Valentino portava il piccolo Sandro con sé agli allenamenti e alle partite. La domenica l’ingresso in campo mano nella mano. Neanche la separazione tra Valentino e la madre di Sandro era riuscita ad allontanarli. Poi, la tragedia di Superga. Pian piano Sandro prese coscienza del fatto che la lontananza del padre non era dovuta, come tante altre volte, ad una trasferta. Il distacco era definitivo. L’inevitabile dolore lasciò presto spazio alla crescita, fisica e caratteriale.
L’assenza che forgia l’animo. La passione per il calcio portò Sandro ad entrare nelle giovanili dell’Inter. Da qui, anni di “serpertine” e di grandi successi in campo. E un cerchio che inaspettatamente si chiuse a pochi anni dall’inizio della carriera. Finale della Coppa dei Campioni del 1964, Inter-Real Madrid. Mazzola contro Di Stefano, per molti l’alter ego spagnolo di suo padre. Doppietta di Mazzola, l’Inter vinse 3-1. A fine partita, Puskas, altra leggenda, andò incontro a Sandro, dicendogli:
“Ragazzo, io ho giocato contro tuo padre: sei degno di lui”.
Ma non sempre il padre è esempio di grandi successi. Può anche accadere che ciò che il padre sarebbe potuto essere e non è mai stato spinga il figlio a dare il massimo, a non dare nulla per scontato. Perché il talento, senza adeguati sacrifici, rimane solo un effimero piacere. Roberto Vieri è stata una forte mezzala a cavallo tra gli anni ’60 e ’70, un regista offensivo di pura classe e invenzione. Testimone di un calcio “antico”, meno rapido e muscolare. Come tanti altri protagonisti di quel tempo, aveva poca voglia di correre e un poco spiccato senso della disciplina.
Un potenziale campione che dopo anni di “furore” alla Sampdoria non è riuscito a imporsi nella Juventus, la cui dirigenza lo cede dopo un anno poco soddisfacente. In pratica, il classico mancato salto di qualità. Il figlio Christian è stato il più forte centravanti italiano a cavallo tra la fine degli anni ’90 e l’inizio degli anni 2000. Una carriera scandita a suon di gol tra Italia, Spagna e Francia e da protagonista in top club come Juventus, Atletico Madrid e Inter. Meno talentuoso del padre, ma affamato di gloria. In casa Vieri, il passaggio di testimone è di quelli da contrappasso: da un padre virtuoso del pallone a un figlio che compensa con rabbia e volontà la penuria tecnica. Di lui il padre disse:
“Ha quello che non ho mai avuto io. Quel qualcosa che forse poteva farmi diventare Maradona. Coraggio. Carattere. Voglia di farcela a tutti i costi. Non beve, non mangia mai niente fuori pasto, non fa tardi la sera. Testa a posto. Quello che ha oggi se l’è guadagnato tutto. L’ha voluto e se l’è guadagnato”.
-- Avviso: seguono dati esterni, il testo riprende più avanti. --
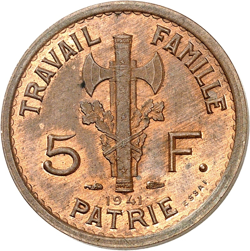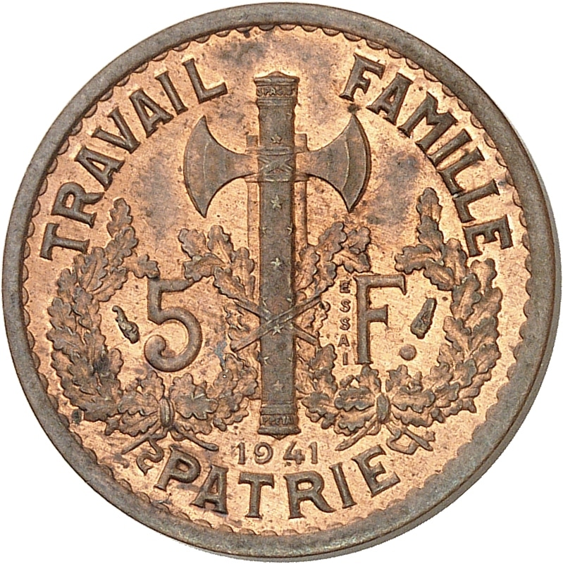 - État Français (1940-1944). Essai hybride au double revers de 5 francs Pétain, 1er type et 2e type, en cuivre, tranche lisse, Frappe spéciale (SP) 1941, Paris.

Il peso dell’eredità, qui, è la motivazione che induce a far del proprio meglio e sempre meglio.
Ma la motivazione, per quanto piena e feroce, non sempre è garanzia di grandi risultati. Giovanni Simeone è un giovane, con ancora tanti anni di carriera davanti, ma dall’alone di critiche e scetticismo che lo avvolge sembra quasi che sia sul viale del tramonto. Simeone è esploso da giovanissimo, trovava la via del gol con facilità al Genoa. Basti ricordare la doppietta alla Juventus nel 2016 e la tripletta in Fiorentina-Napoli nel 2018. Il tutto condito dalla voglia di rincorrere ogni pallone a tutta velocità. All’apparenza, un diamante grezzo potenzialmente devastante.
Eppure, sembra già in parabola discendente. Nella scorsa stagione, nella sciagurata Fiorentina che ha rischiato di retrocedere, Simeone veniva soprannominato “Il sanguinario” per via della sua bulimia in fase realizzativa. In questa stagione, al Cagliari, flebili segnali di risveglio sotto porta, ma ben poco rispetto alle premesse di qualche anno fa. Giovanni Simeone è al momento una incognita che stona con la certezza che era stato suo padre da calciatore.
Diego Simeone, El Cholo, colonna dei centrocampi di Inter e Lazio, mediano roccioso e di inconfondibile efficacia. È un peccato, perché la grinta e l’applicazione di Giovanni meriterebbero maggiori risultati, ma sembra difficile intravedere in lui margini di crescita. E il peso dell’eredità, qui, si sta rivelando un fardello davvero pesante.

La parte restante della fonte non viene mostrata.